Spectre du troisième mandat : La fièvre de la longévité gagne e Sénégal

lun, 10/09/2017 - 08:40

Il ne manquait plus que cela. Alors que l’Etat travaille à renouer le fil du dialogue avec son opposition pour aplanir les difficultés qui sont nombreuses par les temps qui courent, voilà qu’un professeur d’Université, Babacar Guèye vient nous raconter ce qu’il tient comme réalité laquelle pourrait, si elle survenait, causer de graves troubles à notre pays.

Eh bien, cette réalité si abjecte, c’est le spectre du troisième mandat, celui qui est à la base de tous les conflits dans la plupart des pays africains.

Voici ce que dit le Professeur, invité du Grand Jury sur la Rfm : « Quelque chose a été oublié lorsqu’on a rédigé la constitution. On a du oublier de prévoir des dispositions transitoires qu’il fallait ajouter pour prévoir que le mandat en cours, celui de 2012-2019 du président Sall, fait partie du décompte des deux mandats que le président peut avoir. Le mandat en cours, si nous appliquons la constitution à la lettre, on peut considérer qu’il ne fait pas partie du décompte. Ce qui fait que le président Macky Sall en 2024 peut briguer un mandat comme l’avait fait le président Wade ». Exactement comme du temps de Wade où les arguments différaient en fonction des prises de position de l’armada des juristes mobilisés par un camp ou par un autre.

Mieux, le Président Sall a fait partie de ceux qui avaient partagé les positions de l’opposition de l’époque elle qui soutenait, mordicus, que « Wade n’avait pas droit à un troisième mandat ». Nous croyons ce débat bien loin derrière nous. Mais non, il a fallait que quelqu’un d’une grandeur intellectuelle incontestable revienne sur là-dessus. Malheureusement, rien n’est gratuit. Et il n’y a pas de hasard. La démarche nous semble réfléchie et ressemble fort à un ballon de sonde qui prépare ce qui pourrait s’apparenter à une forfaiture.

Car, tout le monde sait y compris les non-juristes que les Constitutions modernes consacrent les deux mandats. Le Président Sall n’a pas respecté sa promesse de campagne de réduire son mandat de 7 à 5 ans. Il est en train de faire 7 ans. Si l’on doit y ajouter un éventuel mandat de 5 ans en 2019 et à la faveur d’une réélection un autre de 5 ans, il va alors faire 17 ans au pouvoir. Entre nous, il n’y a aucun sérieux dans tout cela.

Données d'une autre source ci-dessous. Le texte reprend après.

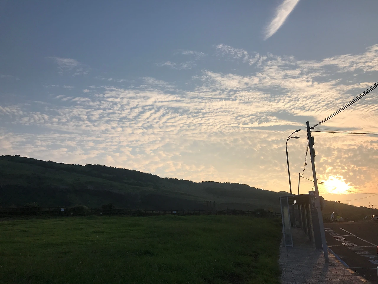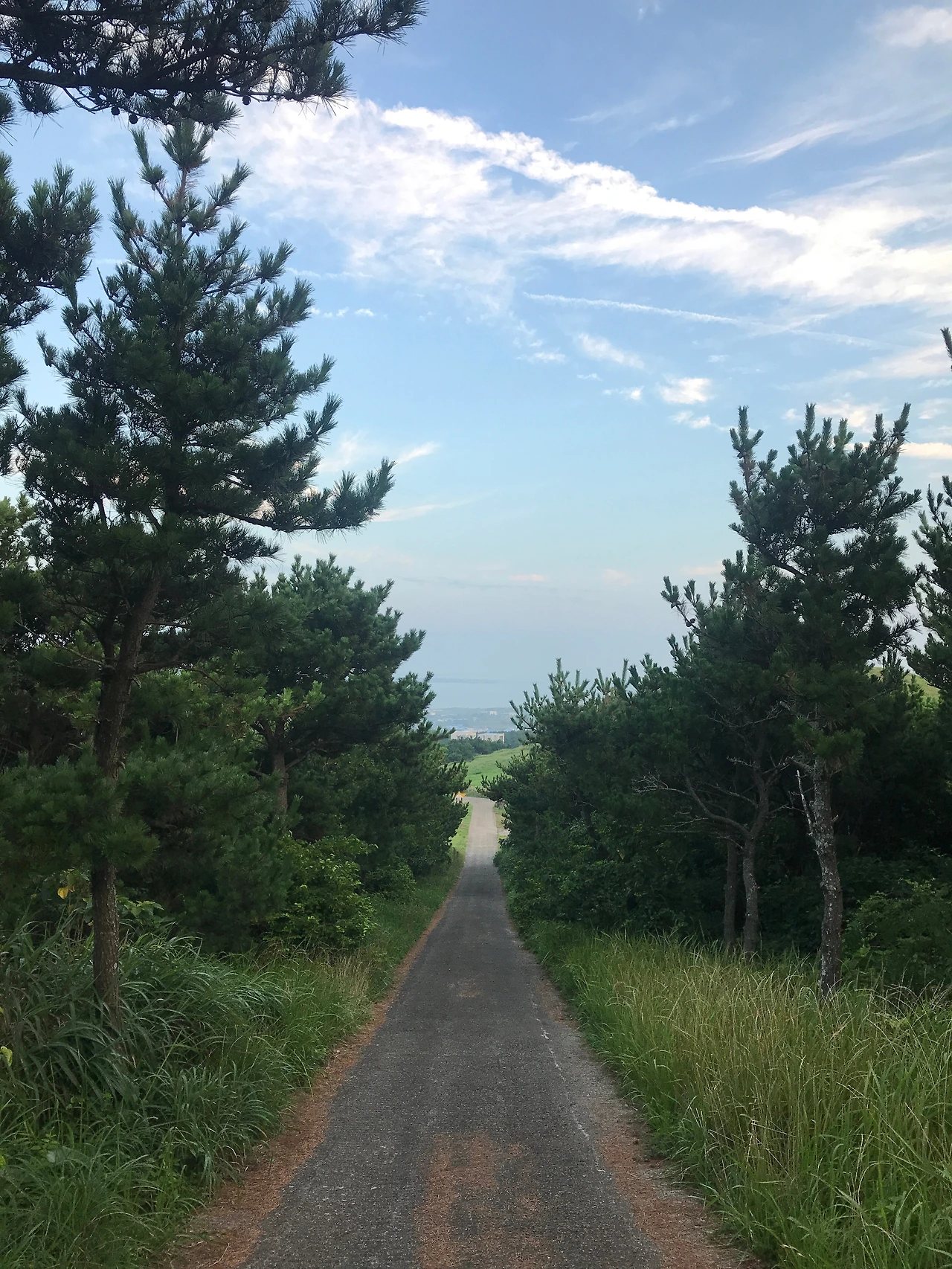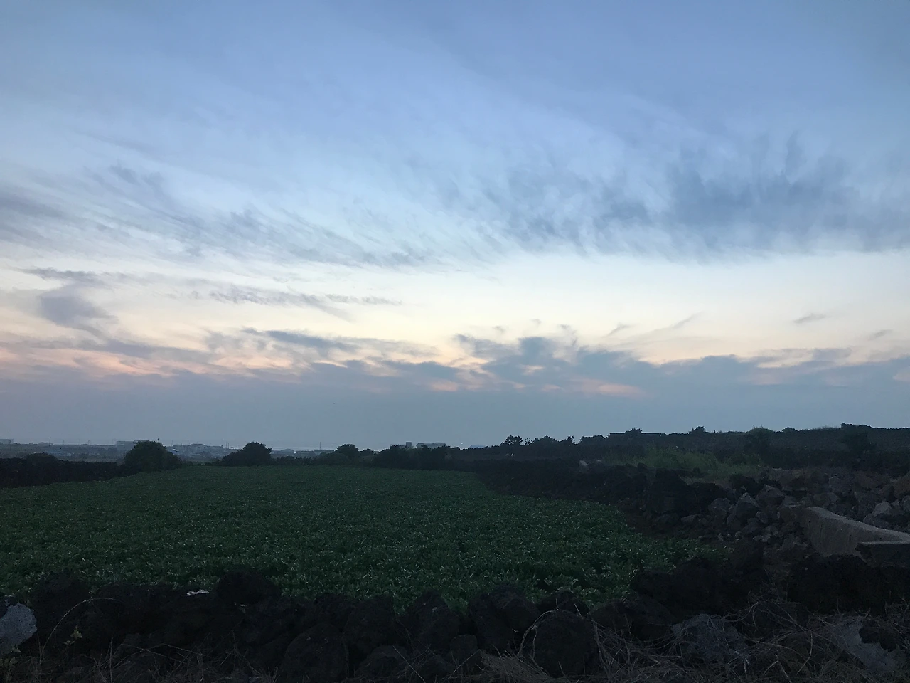 바보는 높을 곳을 좋아한다지. 조식 시간은 7시 반부터였고 나는 조그마한 도미토리 침실로 서둘러 돌아가고 싶진 않았다. 지금 시간이 6시이니까 가볍게 올라가고 나서 조식을 먹으러 가자고 생각했다. 우도봉 주차장에 주차를 하고 어딘가 음침해 보이는 숲길 입구를 지나오니 엄청난 하늘이 내 눈앞에 펼쳐졌다.

Tout le monde sait en effet que les textes de loi sont sujets à interprétations de différentes formes et que les acteurs ne sont pas toujours d’accord sur leurs sens. Cependant, le Professeur Guèye sait pertinemment que le recours aux travaux préparatoires pour bien comprendre l’esprit qui a guidé le législateur est un mode d’interprétation sûr si le corps de la loi semble être en contradiction avec ce que ce dernier a voulu instaurer comme règle.

Or, nous sommes loin de 2024. Il y a la Présidentielle de 2019 dont les résultats sont loin d’être acquis d’avance en tout cas pour les esprits simples que nous sommes.

Faire des projections sur 2024 et ‘’permettre’’ au Président Sall de faire un troisième mandat pour un spécialiste qui connait l’esprit du Constituant me semble relever d’une mauvaise foi.

Certes les avis techniques peuvent heurter du fait de leur scientificité mais, en l’espèce, nous sommes loin de croire en l’innocence du professeur.

Ces avis dangereux et attentatoire à l’ordre et à la sécurité publique, on les garde pour soi d’autant plus que, personne ne semble s’intéresser à la question. A moins que, discrètement, un plan ne soit ourdi pour des objectifs inavouables.

En tout état de cause, les populations africaines y compris celles de la Rdc, de la Guinée qui soupçonnent le manège et bien d’autres pays comme la Mauritanie savent que si elles ne font rien, leurs Présidents pourraient tenter d’avoir un troisième mandat, ne serait-ce que par référendum.

Dans le cas du Sénégal, le Professeur Guèye est en train de dire au Président Sall qu’il n’aura même pas besoin d’un référendum, « la Constitution le permet ».

Alors, c’est à Macky de se hisser au-dessus de la mêlé en respectant son serment, ses promesses de campagne, ses compatriotes. Car, ici, dans notre pays, tout, y compris le meurtre, se justifie. Quel que soit ce que vous aurez fait et le caractère ignoble de votre acte, vous trouverez toujours un théoricien capable de le justifier. Mais cela ne doit pas encourager l’insensé. Car, ce serait insensé pour tout président sénégalais de tenter de faire un troisième tour. Parce que tout simplement, les Sénégalais n’en veulent pas conformément à l’esprit de la Constitution.